Evaluating and Testing the Transfer Learning Model
After training the transfer learning model, we can evaluate its performance on the test set and use it for inference on new data.
Here is an example of evaluating and testing the transfer learning model:
import matplotlib.pyplot as plt
import numpy as np
# Evaluate the model on the test set
test_loss, test_accuracy = model.evaluate(test_dataset)
print(f"Test loss: {test_loss}, Test accuracy: {test_accuracy}")
# Make predictions on new data
image_url = "https://www.catster.com/wp-content/uploads/2018/05/A-gray-cat-closing-its-eyes-and-enjoying-the-sunshine.-Photography-by-StocksyUnited.jpg"
image = tf.keras.utils.get_file("image.jpg", image_url)
image = tf.keras.preprocessing.image.load_img(image, target_size=(224, 224))
image = tf.keras.preprocessing.image.img_to_array(image)
image = image / 255.0
image = np.expand_dims(image, axis=0)
prediction = model.predict(image)
class_names = ["cat", "dog"]
predicted_class = class_names[np.argmax(prediction)]
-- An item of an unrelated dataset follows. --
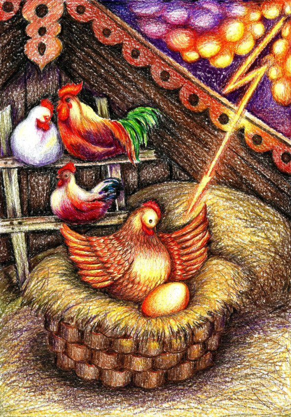 Вы слышали сказку «„Курочка Ряба“ по-новому»? Как в одну грозовую ночь снесла курочка Ряба яичко не простое, а золотое? Как потом из того яичка вылупился золотой дракончик? Конечно, не могла такое яичко снести курочка Ряба – оно было занесено неведомыми силами, с помощью молнии, в самое гнездо курочки Рябы.

confidence = np.max(prediction)
plt.imshow(image[0])
plt.axis("off")
plt.title(f"Prediction: {predicted_class}, Confidence: {confidence:.2f}")
plt.show()
In this example, we evaluate the model on the test set and print the test loss and accuracy. We then download an image of a cat from the internet and preprocess it in the same way as the training and test data. We use the predict method of the model to make a prediction on the new data and convert the prediction to a class name and confidence score. We then plot the image and the predicted class and confidence score.
Conclusion
Transfer learning is a powerful technique for image classification that allows us to leverage pre-trained models to solve new tasks with limited data. In this article, we have explored the basics of transfer learning for image classification with TensorFlow, including how to load pre-trained models from TensorFlow Hub, how to fine-tune them for new tasks, and how to evaluate and test the transfer learning model. By following these steps, even beginners can build accurate image classifiers with limited data.